Hoje, eu, finalmente, posso ser quem eu sou. Trabalho, pago minhas contas, moro com mamãe, a quem não me enxergo sem estar ao meu lado, afinal, se eu estou aqui, sabe, é por causa dela. Há seis anos, Lara surgiu, e é a quem também devo estar aqui. Mamãe e Lara são as mulheres da minha vida, são as razões pelas quais quando pensei em desistir de mim, um lapso de consciência me fez lembrar que mamãe não merecia enterrar o filho, e Lara não merecia crescer sem o tio. Eu sou a única referência masculina não tóxica da vida da minha bebê, e eu não tenho direito de tirar isso dela.
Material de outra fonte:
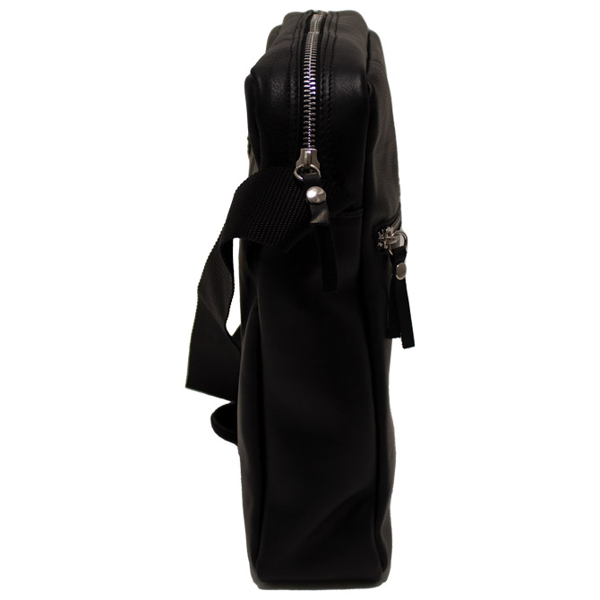 kožna; muška; ima: glavni odjeljak sa zatvaranjem na zip, 1 džep sa zatvaranjem na zip, s vanjske strane 1 džep sa zatvaranjem na zip; podesivi remen za nošenje na ramenu (ne može se skinuti); dimenzija: 22,5x28x5 cm
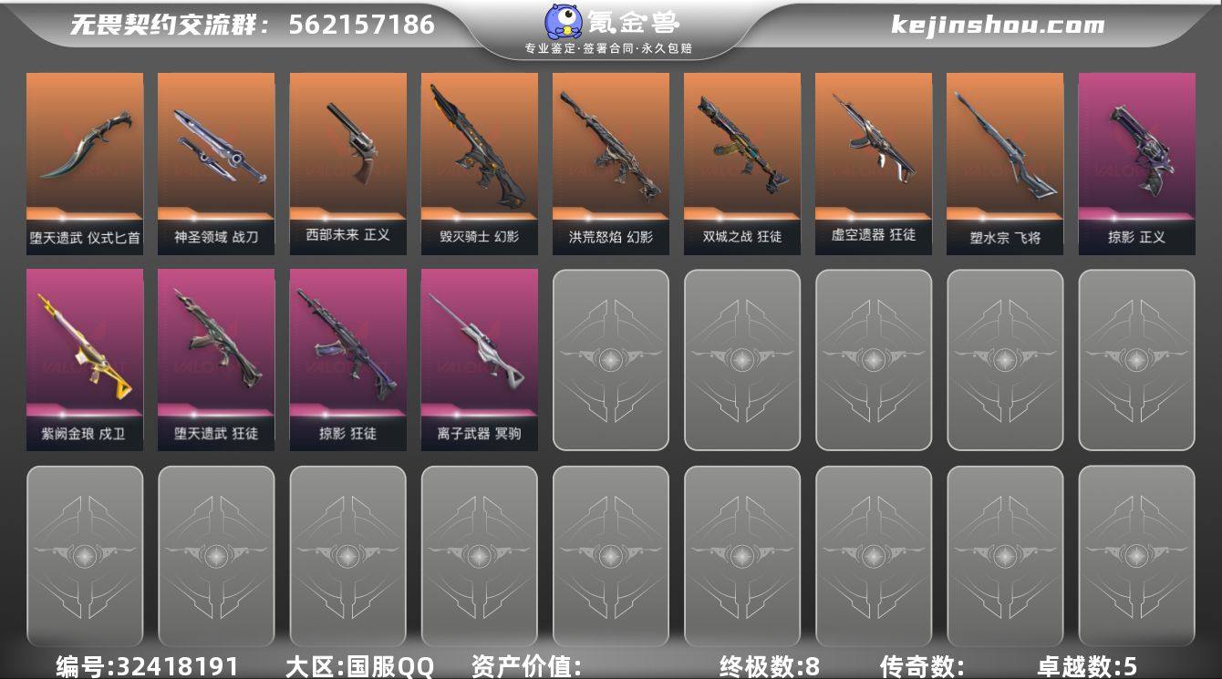 【英雄】:幻棱,炼狱,维斯,暮蝶,钛狐,壹决,铁臂,捷风,雷兹,幽影,不死鸟,贤者,猎枭,蝰蛇,零,芮娜,奇乐,尚勃勒,霓虹,斯凯,夜露,星礈,K/O,海神,盖可,黑梦,钢锁 【近战武器】:近战武器-堕天遗武 仪式匕首,近战武器-神圣领域 战刀 【狂徒】:狂徒-双城之战,狂徒-虚空遗器,狂徒-堕天遗武,狂徒-掠影 【幻影】:幻影-洪荒怒焰,幻影-毁灭骑士,幻影-神圣领域 【戍卫】:戍卫-紫阙金琅,戍卫-月球哨兵 【獠犬】:獠犬-神圣领域 【冥驹】:冥驹-离子武器,冥驹-星云暗涌 【飞将】:飞将-塑水宗 【莽侠】:莽侠-月球哨兵 【战神】:战神-神圣领域 【雄鹿】:雄鹿-月球哨兵 【骇灵】:骇灵-星云暗涌 【蜂刺】:蜂刺-星云暗涌 【正义】:正义-西部未来,正义-掠影,正义-纳米打击,正义-月球哨兵 【鬼魅】:鬼魅-诡秘蛇影,鬼魅-星云暗涌 【狂怒】:狂怒-神圣领域 【卡面】:终章:激斗汉堡 卡面,进入射程 卡面,《双城之战》拥抱 卡面,精灵大战 卡面,欢迎来到底城 卡面,南瓜盛典 卡面,正义的化身 卡面,最高舞台 卡面,梦幻奶茶 卡面,零点嗅探设计图 卡面,无畏契约GO!第一卷:芮娜 卡面,无畏契约GO!第一卷:零 卡面,代号红色 卡面,新兵报到 卡...
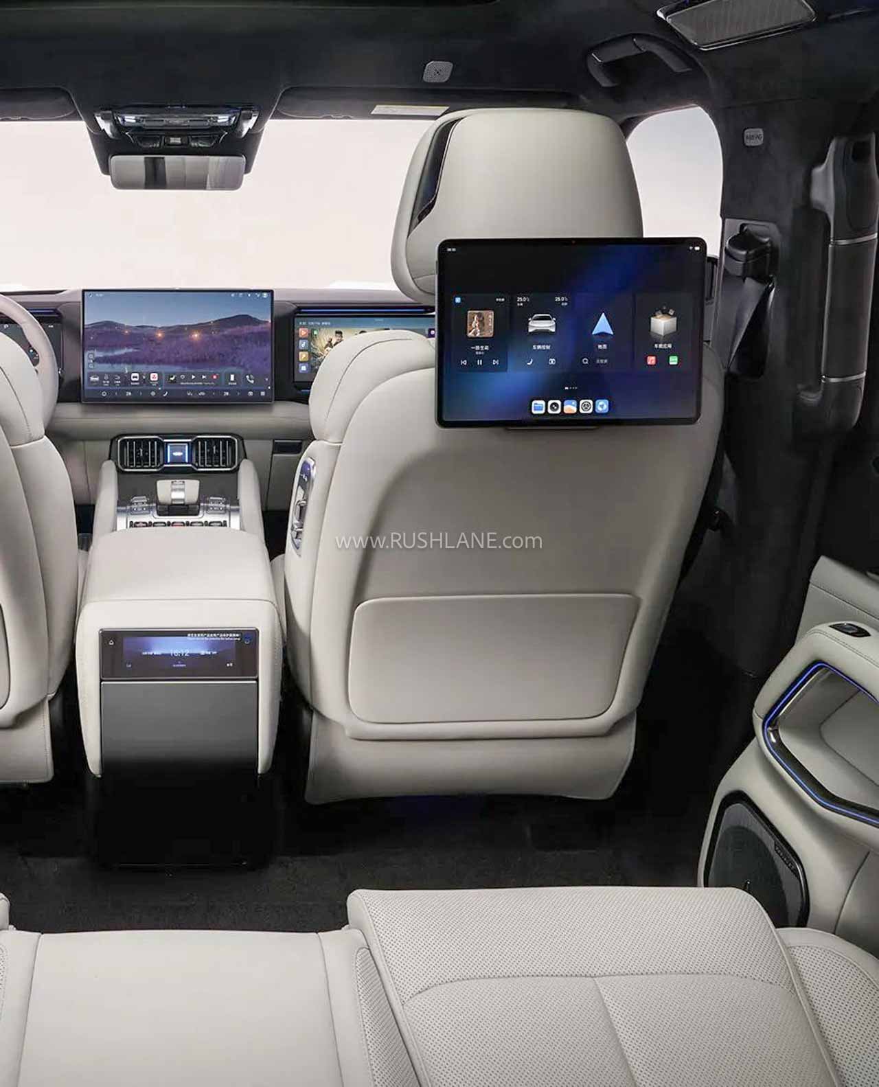 It looks like there are physical controls in the center console and steering wheel, too. Other notable features are a 50-inch AR-enabled HUD, wireless charger, floating effect for the center console, 18-speaker audio system, 2+2+2 or 2+3+2 seating layout options, Huawei’s Qiankun ADS 3.0 (ADAS suite), BYD’s own BYD9000 chip.
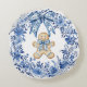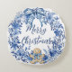 Chinoiserie Blue White Floral Gingerbread Man Round Cushion

Os sapatos de salto alto, já não me configuram como mulher, nem o mulherzinha, bichinha, marica, boiola, baitola, muito menos o viado me configuram como alguém inferior, como algo e não como ser humano. Eu me desconstruí, compreende? Sou viado, sim. Sou boiola, sim. Sou baitola, maricas, maricona (já estou velha, né!), bicha, bichinha, mulherzinha, sou tudo isso, e se você reclamar ou tentar me ofender, vou ser ainda mais afeminado, sabe porquê? Porque se estou aqui, é porque também milhares de bichas afeminadas, travestis, transexuais e transgêneros morreram para que eu pudesse ter meu lugar ao sol, e eu devo isso a todas, todos e todxs.

Hoje eu sou a Emma, a Victoria, a Mel B, Mel C, Geri. Sou a Madonna, em Erotica, a Madonna em Ray of Light. Sou a Licia, a Renata Abreu, a Marcelle Cristine, Cibele, Thisciane, Pamala, Luana, Carmen, Thalia, Toni Braxton, Whitney Houston, Carmem Miranda. Sou Audrey Hepburn (meu alter ego), Marilyn Monroe, Mileise, Andrea Snow, Samile, sou todas! Sou quem eu quiser. Sou mamãe, dona May, sou Lara!

PS: Homens gays, dificilmente, têm ídolos masculinos! O porque disso? Pergunte ao seu machismo, sexismo, misoginia e à sua lgbtqi+fobia!